11 Director’s after Charlie’s guts? (6)
CLEANS – C for Charlie, LEAN as in David Lean, film director, GUTS as cleans in a fish.
12 A dreamer desperate for rum (8)
14 Secret place where drunkard might be found? (5,3,5)
UNDER THE TABLE – double definition, one speculation..
17 Ignorant to assume criminal’s out of control (13)
UNCONSTRAINED – UNTRAINED (ignorant) has CON’S (criminal’s) inserted.
21 Army reigns disastrously in foreign city (8)
TANGIERS – TA (army, territorial variety) (REIGNS)*.
23 City haunt making delicious pastry? (6)
ECLAIR – EC (City of London) LAIR (haunt).
25 Glaswegian’s rejection of celebrity losing millions (3)
NAE – NAME (celebrity) loses M. Scottish for no.
26 Belief of society long evolving (11)
SCIENTOLOGY – (SOCIETY LONG)*. Belief system entertained by Tom Cruise and some other nutters who want to give their money to L Ron Hubbard and his chums.
27 I defy you to be angry about article (2,5)
SO THERE – SORE (angry) goes round THE (article).
28 Member chosen for XI getting runs (7)
INSIDER – IN (chosen) SIDE (XI) R (runs).
1 Office secretaries extremely coy (6)
PAPACY – PA, PA (two secretaries) C(o)Y.
2 Upstart parking on street almost grabbing king (7)
PARVENU – P (parking) AVENU(E) has R (king) inserted.
3 Disapproved of promiscuous female? No wonder! (7,2)
FROWNED ON – (F NO WONDER)*. First time I think I have seen promiscuous as an anagrind.
4 Heavy person best to shift piano (4)
LUMP – PLUM (best, as in plum job) has the P moved to the end.
5 D for dimwit? (10)
DUNDERHEAD – D is indeed the head of dimwit, and of dunder, but dunder alone doesn’t mean an idiot, it’s lees from distilling rum. I know what the setter meant in practice but does it work in theory?
6 Acquiesce, needing to conceal incident (5)
SCENE – hidden as above; scene as in create a scene, make a fuss.
7 Regret insult in speech? Rubbish! (7)
RHUBARB – sounds like (in speech) RUE BARB = regret insult.
8 Happy about Bible being promoted (8)
ELEVATED – ELATED (happy) has EV inserted. Was this supposed to be AV for Authorised Version? I can’t see how EV is a reference to Bible. It means Electron Volts in my world.
13 Hang about with French trainees, getting drunk (10)
15 Dogged cardinal going over account with evidence of debts (9)
TENACIOUS – TEN (cardinal number) AC (account) I.O.U.S (evidence of debts).
16 Sweet little things found in harem perhaps (8)
SULTANAS – wives of sultans, perhaps.
18 Make Tory female firstly examine court (7)
CONFECT – CON (Tory) F (female) E (first of examine) CT (court).
19 No servant upset duke? Brilliant! (7)
DIAMOND – NO MAID reversed, then D for duke.
20 Grace perhaps, a sportsman changing sides (6)
PRAYER – PLAYER changes L for R.
22 Children’s edition (5)
ISSUE – double definition.
24 Article Congress backed — or opposed? (4)
ANTI – AN (article) IT (congress, sex) reversed (backed).
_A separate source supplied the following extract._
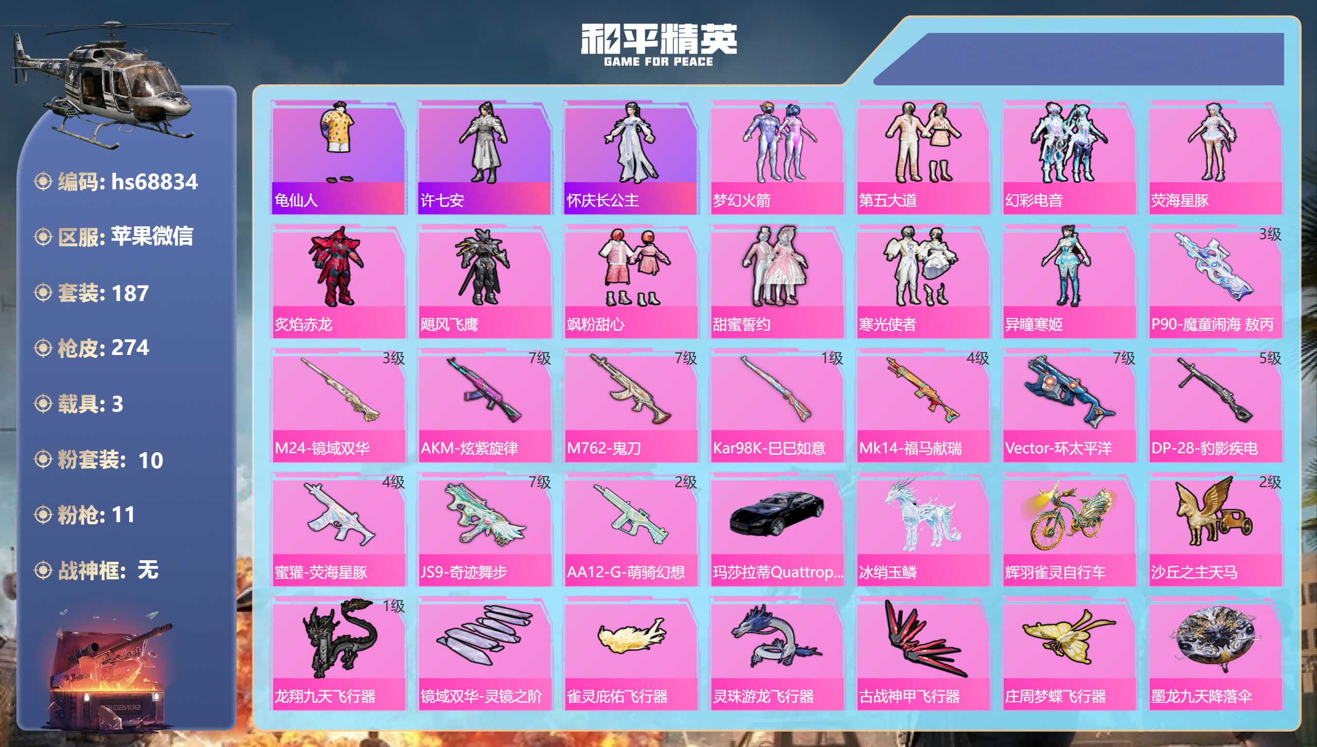 PX_2551808-,苹果微信-13王牌印记-10粉装-11特效枪-3载具-88882热力值-187套装-274枪皮-3卓越印记 【10粉装】套装-寒光使者,套装-炙焰赤龙,套装-第五大道,套装-飒粉甜心,套装-甜蜜誓约,套装-幻彩电音,角色-荧海星豚,角色-异瞳寒姬,套装-梦幻火箭,套装-飓风飞鹰 【11特效枪】Mk14-福马献瑞/4级,P90-魔童闹海,敖丙/3级,AA12-G-萌骑幻想/2级,蜜獾-荧海星豚/4级,M24-镜域双华/3级,DP-28-豹影疾电/5级,JS9-奇迹舞步/7级,M762-鬼刀/7级,Vector-环太平洋/7级,AKM-炫紫旋律/7级,Kar98K-巳巳如意/1级 【3稀有紫装】龟仙人,许七安,怀庆长公主 【3稀有载具】玛莎拉蒂Quattroporte(夜幕蓝),冰绡玉鳞,辉羽雀灵自行车 【187稀有时装】梦幻火箭,第五大道,幻彩电音,荧海星豚,炙焰赤龙,飓风飞鹰,飒粉甜心,甜蜜誓约,寒光使者,异瞳寒姬,SS38特训,龟仙人,潮萌小黄鸭,萌趣咩咩,异域银装,街头风暴,霜纹水星,冰河战士,鱼渊荷华,青团波波,拉斐尔,大橘大利,燕燕于飞,碧青流霞,战术大师,智谋强哥,怀庆长公主,许七安,雏菊兔兔,马上有钱,糖糖葫芦,蝶变,巳巳如意,粉恋花,粉日山川,彩虹兔,极光猎影,琴音绮想,霓虹热舞,雪绒豹,画境星梦,星影赞美诗,朱霞炽焰,狂鲨锋刃,游乐,懒羊羊,凌霄紫焰,粉黛兰香,擎苍青焰,萌鸡速递,元气之梦,书海巡游,圣穹绘梦,蜜露汐语,薄荷星砂,蓝海鲸歌,云朵鹅,顶瓜瓜,雪国风尚,蓝冰羽,恋语绒绒,青翼流星,紫幽梦,琉璃花蕾,SS35特训,迷域探索者,SS29特训,萝兰蝴蝶,SS31特训,SS33特训,SS32特训,无暇誓言,明鸳圣池,SS36特训,黑色刀锋,暗夜契约,纯白誓言,龙的传人,深山诡影,潮流炫酷,SS8特训,众神之王,智慧之神,青玉碎影,SS37特训,特训学院,青年教官,浓情蜜辣,飞驰魅影,白色伏地魔,音速流光,热血青春,SS9特训,阳光火鸡,湖蓝色名流,酷潮明星,绯格组合,涂山之恋,薄荷蓝莓,黑色伏地魔,黎明保卫者,炫蓝之夏,SS34特训,骑行爱好者,竞技名士,猛禽,SS30特训,长空猛禽,安第斯皇冠,特战装甲,街头潮人,丛林猎人,甜心亚梦,虚音幻奏,极地朋克,幻世战舞者,特殊使命,青涩时光,牛气满满,娇憨猪猪,春日漫步,冰川特警,龙腾端午,滨海假日,极速红龙,狙击之神,麻辣教官,鹰眼刺客,魅影蝠王,福马献瑞,SS11特训,幻影武者,破蛋小黄鸡,疯狂小兔子,梦幻奶油,蓝彩潮人,绮丽涂鸦,竞技达人朋克,野性战心,原初圣火,逆风勇士,海岛探路者,初火先锋,SS7特训,核芯基因,精神漫游,破晓战魂,和煦暖阳,霓虹街区,田园牧歌,轻风白浪,SS10特训,沙漠兵团,闪金天王,镭射皇者,探宝勇士,SS12特训,牛气冲天,SS18特训,银白舞王,SS13特训,飞行日记,SS17特训,团圆交子,金耀舞者,SS19特训,光之冒险,SS20特训,SS21特训,玉兔迎春,SS22特训,SS23特训,摩登艾咪,滨海厨神,香榭午后,SS14特训,神气柴柴,灵蜜圈圈,妙红点点,幻彩翩翩,王牌教练,柠萌假日,SS24特训,鹤鸣,懵萌河马,SS15特训,深蓝冒险家 【274稀有枪械】P90-魔童闹海,敖丙/3级,M24-镜域双华/3级,AKM-炫紫旋律/7级,M762-鬼刀/7级,Kar98K-巳巳如意/1级,Mk14-福马献瑞/4级,Vector-环太平洋/7级,DP-28-豹影疾电/5级,蜜獾-荧海星豚/4级,JS9-奇迹舞步/7级,AA12-G-萌骑幻想/2级,野牛-雏菊兔兔,Mk14-冰河战士,平底锅-雏菊兔兔,M762-雏菊兔兔,Mini14-雏菊兔兔,Famas-突变脉冲,M200-宇宙意志,短管霰弹-宇宙意志,R1895-雏菊兔兔,M249-金丰海韵,UZI-冰河战士,M16A4-冰河战士,MK20-H-乌木金纹,Mini14-鸡智如我,Win94-乌木金纹,MK12-乌木金纹,SVD-冷漠罗丽,撬棍-冷漠罗丽,烟雾弹-冰澜龙吟,AKM-极光猎影,AKS-74U-极光猎影,PKM-紫幽梦,MG3-霓彩脉冲,ACE32-画境星梦,M1加兰德-画境星梦,MP5K-画境星梦,Mk14-紫幽梦,蜜獾-乌木金纹,M762-云朵鹅,S1897-紫幽梦,SVD-云朵鹅,P92-紫幽梦,SPAS-12-狂鲨锋刃,M417-玩趣呆呆,MK20-H-狂鲨锋刃,铝热弹-炫彩糖果,UZI-炫彩糖果,ARX-像素花束,UMP45-极意拳锋,Mini14-绯穹魔姬,AA12-G-画境星梦,G36C-星穹咏叹调,平底锅-画境星梦,短管霰弹-星穹咏叹调,M249-冰晶雪宝,JS9-凌霄紫焰,MG-36-凌霄紫焰,平底锅-紫幽梦,破片手榴弹-海盐豹豹,UMP45-海盐豹豹,ARX-凌霄紫焰,AKS-74U-乌木金纹,AKM-涂鸦街区,爆炸猎弓-喜羊羊与灰太狼,P92-凌霄紫焰,Famas-乌木金纹,Famas-霓彩脉冲,SPAS-12-云朵鹅,M249-无面战甲,破片手榴弹-拽到爆炸,平底锅-辉羽雀灵,Mini14-辉羽雀灵,平底锅-凌霄紫焰,AKS-74U-鸡智如我,S12K-智耀战神,沙漠之鹰-云朵鹅,烟雾弹-冰氧夏日,Mk14-紫晶流影,MG-36-薄荷星砂,大砍刀-云朵鹅,PKM-啾咪啾咪,SLR-圣穹绘梦,UMP45-圣穹绘梦,沙漠之鹰-圣穹绘梦,GROZA-荧海星豚,S1897-荧海星豚,DBS-荧海星豚,SLR-霓彩脉冲,平底锅-属我最6,SCAR-L-彩虹符号,AKS-74U-翎光蝶翼,蜜獾-冰澜龙吟,大砍刀-冰澜龙吟,蜜獾-鸡智如我,AUG-紫晶流影,S12K-霓彩脉冲,AMR-鸡智如我,AKM-霓彩脉冲,M416-红色方程式,M416-乌木金纹,M416-夜灯,M416-糯团青竹,AKM-夜灯,AKM-乌木金纹,AKM-彩虹符号,SCAR-L-玉兔迎春,SCAR-L-乌木金纹,SCAR-L-甜蜜誓约,SCAR-L-夜灯,SCAR-L-炫彩节奏,M16A4-甜心亚梦,GROZA-乌木金纹,GROZA-黑色刀锋,GROZA-异彩先驱,GROZA-影袭,GROZA-田园牧歌,GROZA-懵萌河马,AUG-耀粉歌者,AUG-天降萌叽,QBZ-神秘黑猫,QBZ-飞驰魅影,QBZ-原初圣火,QBZ-乌木金纹,QBZ-彩虹符号,M762-镭射皇者,M762-乌木金纹,M762-彩虹符号,M762-牛气冲天,M762-天降萌叽,Mk47-乌木金纹,Mk47-妙红点点,Mk47-洛神天依,G36C-镜域双华,G36C-乌木金纹,G36C-懵萌河马,G36C-古战神甲,AC-VAL-天降萌叽,AC-VAL-彩虹甜喵,AC-VAL-甜心亚梦,AC-VAL-魅影蝠王,AC-VAL-乌木金纹,蜜獾-天降萌叽,蜜獾-娇憨猪猪,Kar98K-红色方程式,Kar98K-魅影

64 comments on “Times 28125 – I like those sweet little things.”

  1. I had problems with this and in the end I lost patience and used aids to polish off 11ac and 16dn.

    I had the same queries as Pip over DUNDERHEAD and ELEVATED. In addition to AV and RV bibles there is ESV (English Standard Version) but no EV, at least as far as I know.

    My main difficulty came from having two alternative answers which I thought parsed reasonably, but both turned out to be wrong. The first was TARTLETS at 16dn, which I admit is non-PC and I knew some would object to, but it would not have been the first time that we’ve had that sort of thing. The E-checker that it provided led me to EAN at 25ac. This a Scottish name (alternative to John) thus satisfying ‘Glaswegian’ in the clue. My parsing was reversal [rejection of] NA{m}E (celebrity) [losing millions].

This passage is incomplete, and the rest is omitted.